# Help me pick a middle name for Gabriella!



## RubyRainbows

Which do you like best?

Feel free to not only vote in the poll but also offer thoughts, opinions, honest feedback.... even other suggestions!

All help appreciated! :flower:


----------



## staralfur

Since it's such a long name I would avoid the longer middle names as it risks becoming a bit of a mouthful. I also don't think the double -a endings flow as well (like in Gabriella Sophia). 

I would go with Ivy (one of my favourite names), Rose, or Joy.


----------



## Buffyx

I agree with pp about using a short middle name. 

I voted for Joy, but also like Rose.


----------



## Eleanor ace

I really like Rose Violet and Luna. I think Joy sounds the best with it but most of them go :)


----------



## LoraLoo

I like joy x


----------



## HappyAnjeL

I voted Rose.. Next fav would be Ivy, then Joy.. I'd also go with a shorter middle name I was reading them out loud and some were a mouthful!


----------



## RubyRainbows

My OH likes Gabriella Sophia the best. I think this one is beautiful, but wonder if it's slightly boring bc Sophia is a Top 5 name (in the US anyhow).

I love the sound of Gabriella Rose. But I worry that Rose is a very common "filler" middle name... like the middle name Ann or Marie was for babies in my generation.

Gabriella Joy is pretty -- But I worked with a weird lady named Joy and worry all my coworkers would associate the name with her.

I like Gabriella Luna -- it's pretty and unique -- but then I wonder if Luna is a common pet name (seems to be).

This is my problem -- I love all these choices but then I overthink each one!!

I want a unique name -- but then I'm never actually brave enough to pick one!

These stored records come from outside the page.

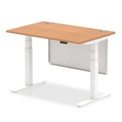 Air 1200x800 Height Adjustable Desk Oak CP White Leg Modesty Panel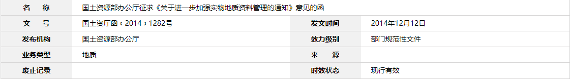 《關(guān)于進(jìn)一步加強(qiáng)實(shí)物地質(zhì)資料管理的通知》意見(jiàn)的函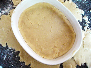 Mix your ingredients together. Place your dough on a floured surface and roll it out. I used white corning ware for my 'pie pan'. (Deeper dishes = more filling) Place your crust inside.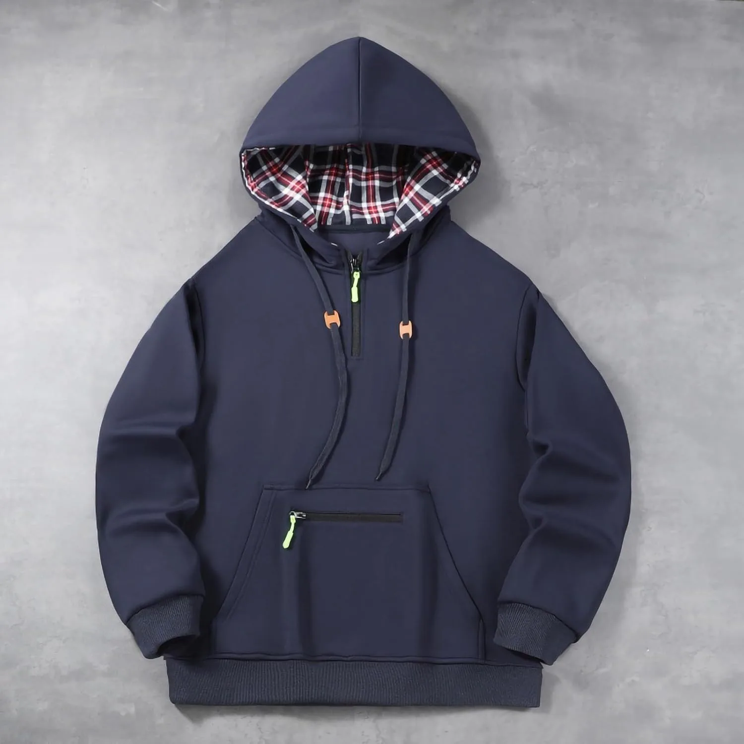 Мужские худи с застежкой-молнией на четверть длины: Частично застежка-молния спереди обеспечивает регулируемую вентиляцию и гибкие возможности для создания различных образов. Молния доходит до середины груди для удобной регулировки температуры во время различных видов активности. Эта модель сочетает в себе комфорт пуловера с практичной функциональностью одежды с застежкой-молнией спереди.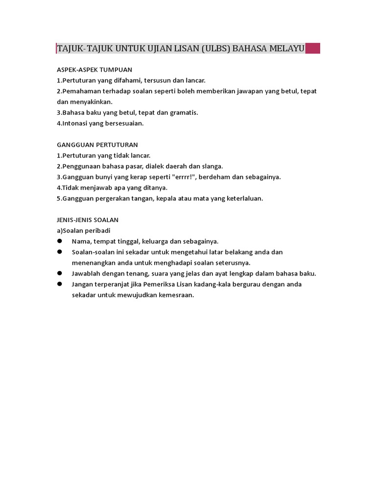 Ujian Lisan Bertutur Bahasa Melayu Pt3 Contoh Soalan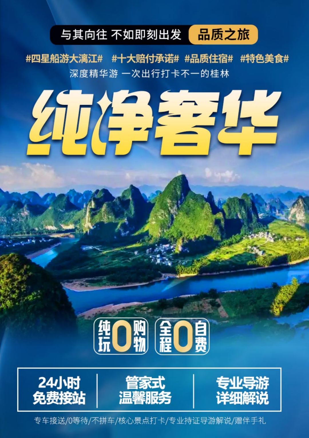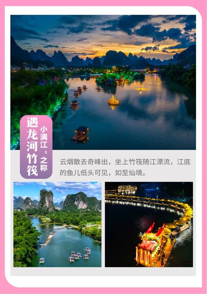 来桂林一定要游全景大漓江,必看小学课本里面的九马画山,专业团队设计,回归旅游本质-品质!品质!品质!给您一个放心的、地道的、独特的旅行体验,把一切旅行的烦心事都交给我们去操劳,而你只要轻轻松松的享受,此产品好评率超高哦!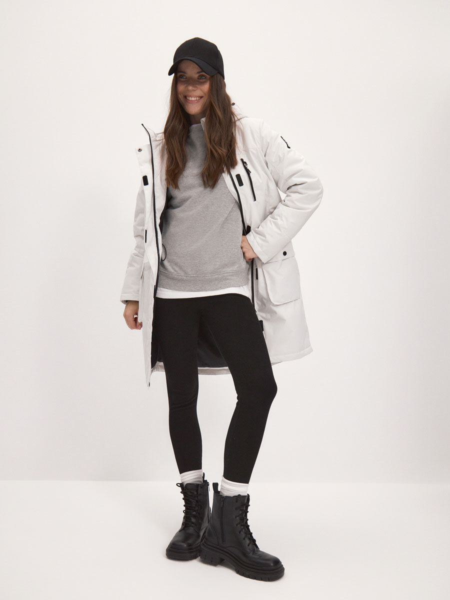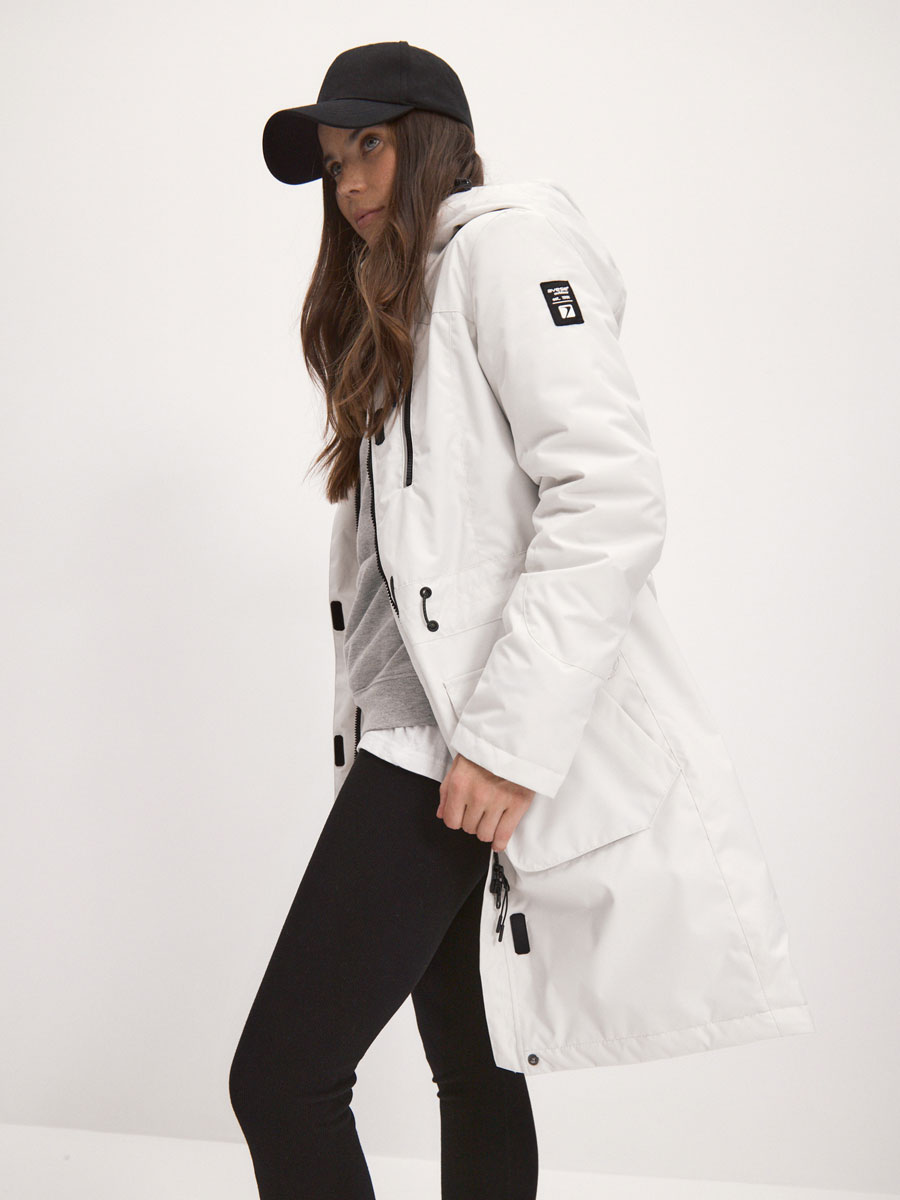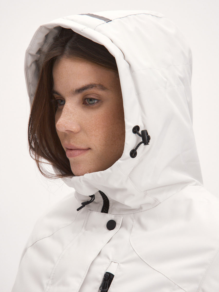 Удлиненная куртка для женщины из влагостойкой, дышащей ткани. Застежка на молнию, закрытая планкой на кнопках и липучках. Подкладка комбинированная из флиса и шелка. Втачной капюшон с флисовой подкладкой. 3 наружных кармана различной конфигурации. Рассчитана на температуру от -5 до +10.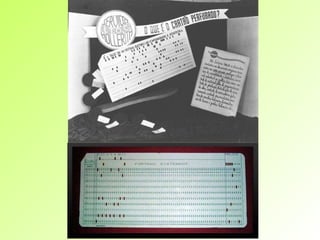 O documento descreve a evolução dos computadores ao longo dos séculos, desde o ábaco e a régua de cálculo até os primeiros computadores mecânicos e eletrônicos como o ENIAC e o Mark I. Também discute os avanços nas capacidades de armazenamento de dados, desde os primeiros discos rígidos de vários quilogramas e dezenas de milhares de dólares até os cartões de memória e discos utilizados nos PCs modernos.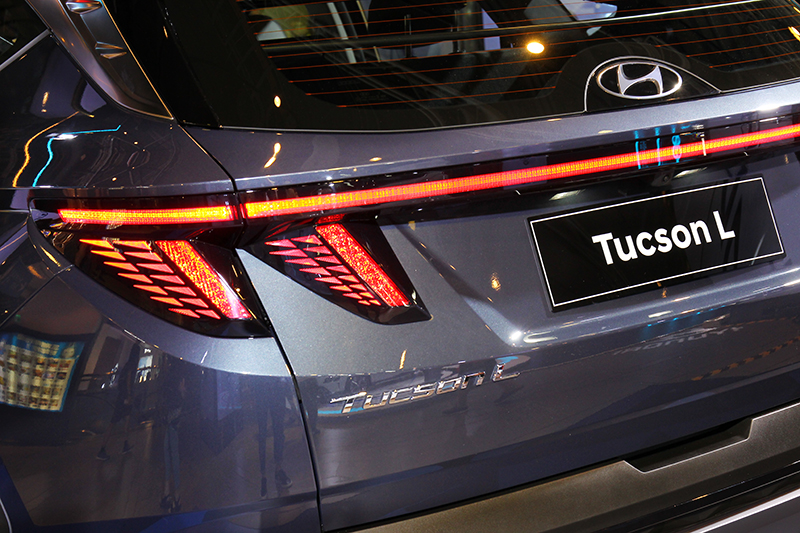 Tucson L 盡顯品牌「Sensuous Sportiness」設計語彙的感動與動感元素,彷若「VISION T」概念車前衛出世,根據集團副總裁SangYup Lee的說明:為了設計出有別於以往的車款,透過採用數位科技而不是傳統手繪來模擬出線條、表面、角度以及形狀,創造出前所未有且大膽美學。此運用數位科技的參數化動感設計手法,創造出世人驚豔的大膽身型線條,隱藏式LED日行燈組、LED頭燈相容氣壩造型以及充滿動感肌理Z車身線條,乃至於豪華車款擅用的貫穿式車尾設計,都讓Tucson L視覺張力強烈深刻。
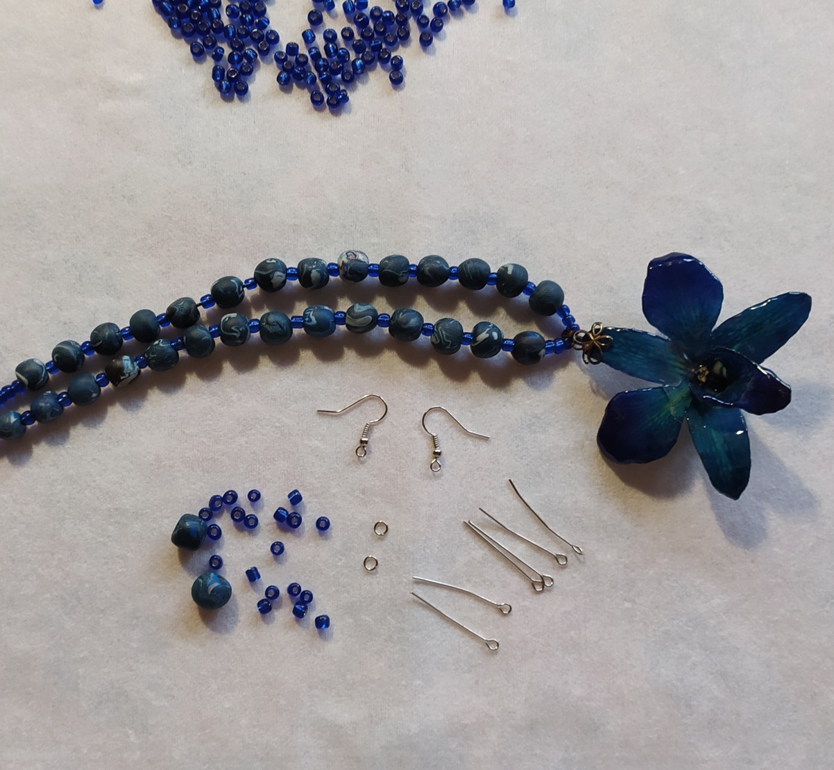 Итак: для изготовления колье с цветком понадобятся пассатижи, круглогубцы, бокорезы, тонкий шнурок, два крепежа, три соединительных кольца, одна застёжка, одна цепочка-удлинитель длинной в 5 см, пакет синего крупного бисера, бусины из полимерной глины и сам цветок в смоле.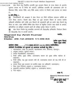 कहा कि खेल मैदान में दौड़, लम्बीकूद एवं ऊंचीकूद, थ्रो पर आधारित खेल, खो-खो, कबड्डी, वालीबाल, फुटबाल, बास्केटबाल, पुशअप, चिनअप, ताईक्वांडो, बाक्सिंग आदि सुविधाएँ उपलब्ध कराई जायगी। युवाओं के विभिन्न खेलों में प्रशिक्षण के लिए 01 खेल प्रशिक्षक खेल विभाग द्वारा निर्धारित मानदेय के आधार पर तैनात किया जाएगा जिसका मानदेय का भुगतान युवा कल्याण विभाग की जिला योजना से किया जाएगा और तैनात अंशकालिक प्रशिक्षक को एक से अधिक खेल मैदानों में प्रशिक्षण का दायित्व दिया जा सकता है।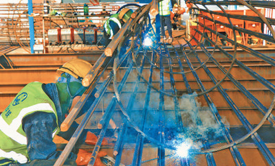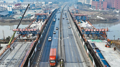 示范区优化区域交通路网,城乡交通一体化不断深入,群众出行便利度进一步增强。图为平黎公路嘉善段改(扩)建工程桥梁建设现场。 |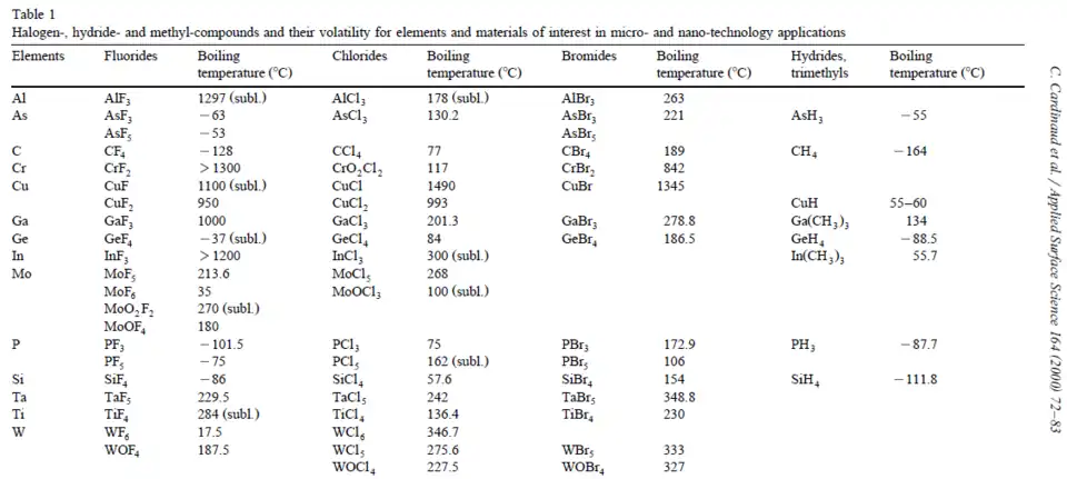 La clave para desarrollar procesos de grabado complejos exitosos es encontrar la química de grabado con gas adecuada que forme productos volátiles con el material a grabar, como se muestra en la Tabla 1.[3] Para algunos materiales difíciles (como los materiales magnéticos), la volatilidad sólo se puede obtener cuando se aumenta la temperatura de la oblea. Los principales factores que influyen en el proceso del plasma: [2] [3] [5]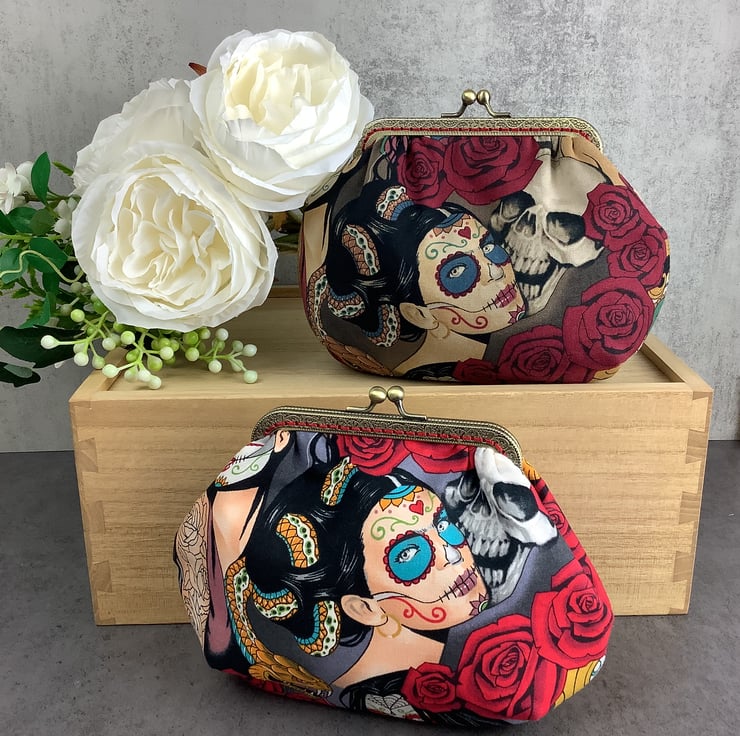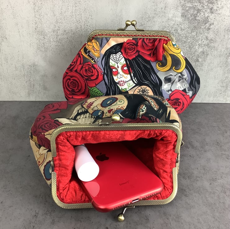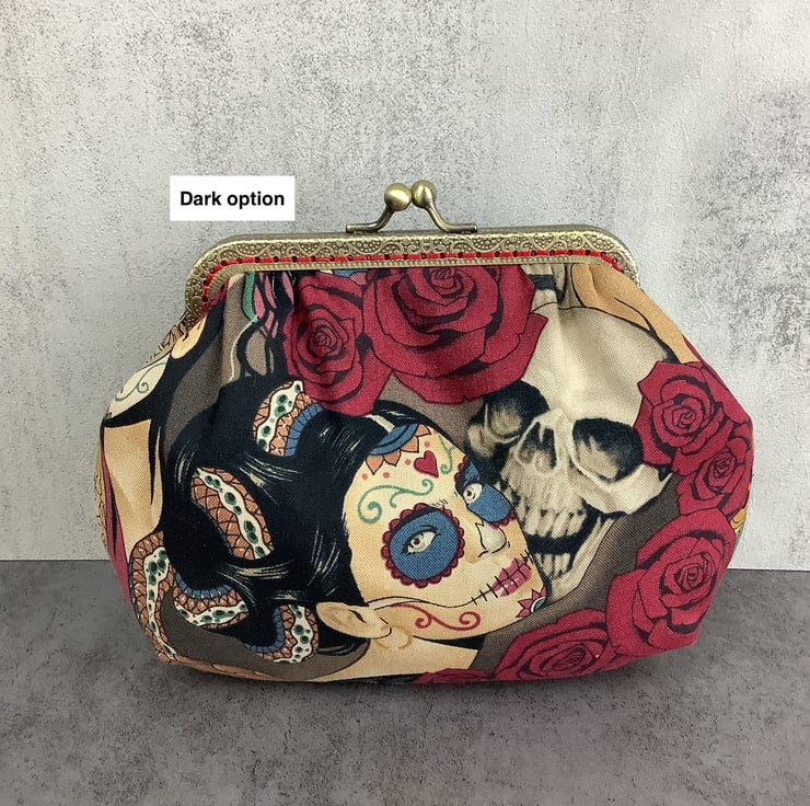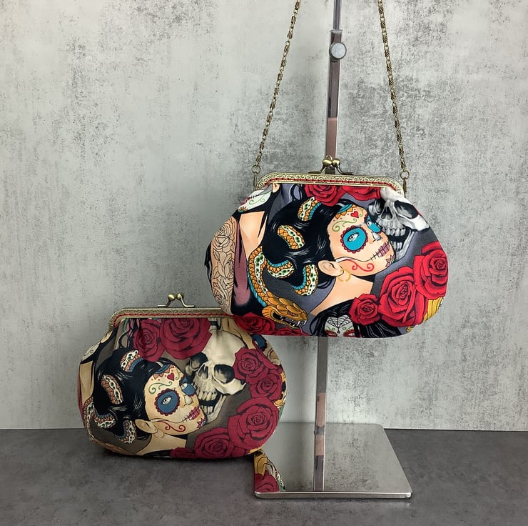 Handmade bag with a kiss clasp frame in a choice of striking gothic cotton fabrics.
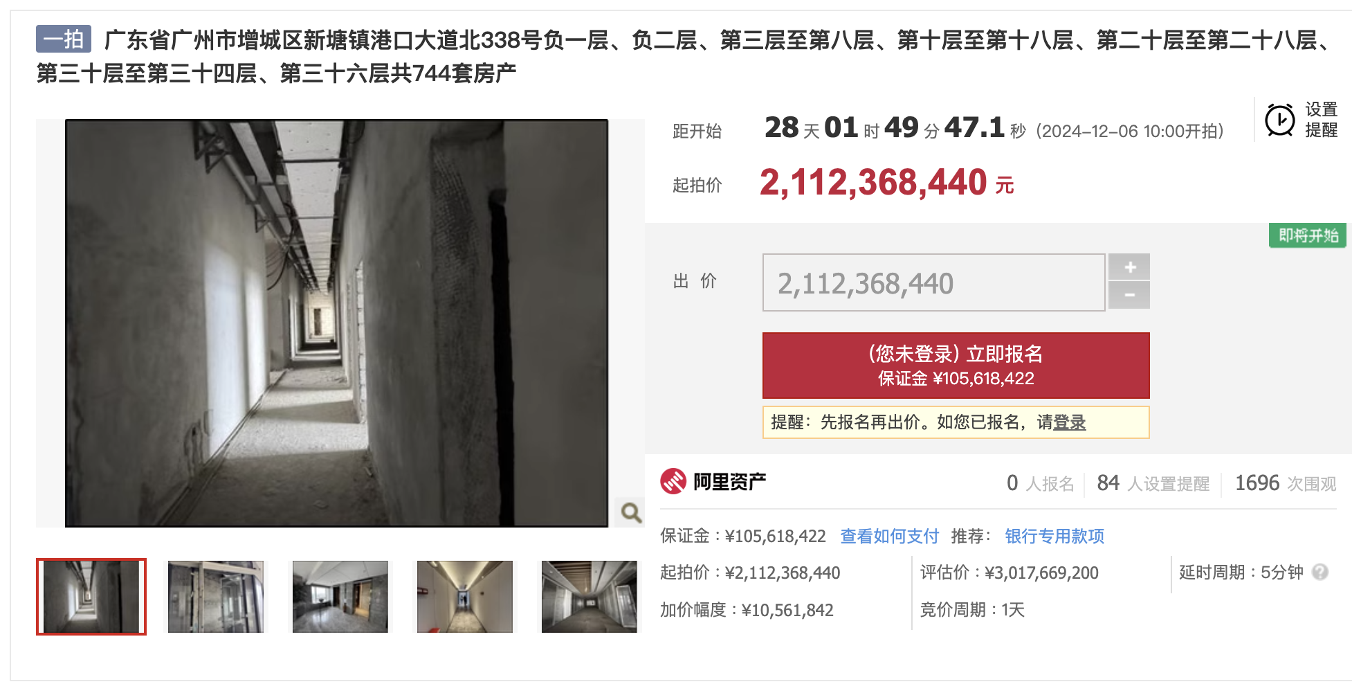十一月八日,根据阿里法拍网披露的信息,广东省广州市增城区新塘镇港口大道北338号负一层、负二层、三至八层、十至十八层、二十至二十八层、三十四至三十四层、三十六层共有744套房产,起拍价约21.12亿元,起拍价1.37万元/平方米。本次拍卖涉及商业、酒店及办公用途,将于12月6日10时开始竟价,竟价周期为1天。而且以上标的物就是凯达尔枢纽国际广场的房地产,持有者是广州凯达尔投资有限公司。根据拍卖数据,标的物的市场价格约为30.17亿元,起拍价比市场价格打三折,需要支付约1.05亿元的保证金。目前还没有人报名参加拍卖。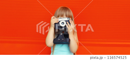Little child with film camera, kid taking picture on bright red background

I love Gabriella Ivy -- Not sure if the initials GIC are very appealing, though.

I love Gabriella Violet -- But when I say it... it sort of sounds like "violent" in my head. UGH.

My two fav names are..... Gabriella and Kiara.... I know if I combined them to make: Gabriella Kiara.... everyone would say it's "a mouthful."

So tricky to choose just the right name!!!


----------



## pippi_89

I have to say I agree with pp, the double 'a' ending (Gabriella Sophia/Luna/Alaina/Kiara) doesn't sound right. You're not alone with the overthinking every name though lol I'm awful! I'm still not 100% now, even though it's my favourite and we've agreed on it.

Rose - I know what you mean. I sort of felt the same when we discussed using it but it's a family name for OH so it grew on me. It's pretty and feminine, and it does flow well with Gabriella

Joy - I'm not a big fan personally. It's a bit dated imho but it does flow well. I wouldn't be too bothered about co-workers' opinions though. How close will they be with your child? How many of them will you still even know in 5/10 years?

Luna - I love the name and I wouldn't associate it with pets at all but I don't feel it works with Gabriella. Too many 'l's and 'a's.

Ivy - Lovely. It's classic yet not overused. It was on my mn list this time but OH said no :(. Initials wouldn't really bother me personally, unless they spelled out something embarassing. (I was in school with a Steven Thomas Davies. High school was fun for him :dohh: :haha:) How often do they really get used?

Violet - Same as Ivy, it's traditional yet not common. I like it. I think it's my favourite. It wouldn't make me think 'violent' at all but if it's a negative association for you(however random!) I would probably stay away from it.


----------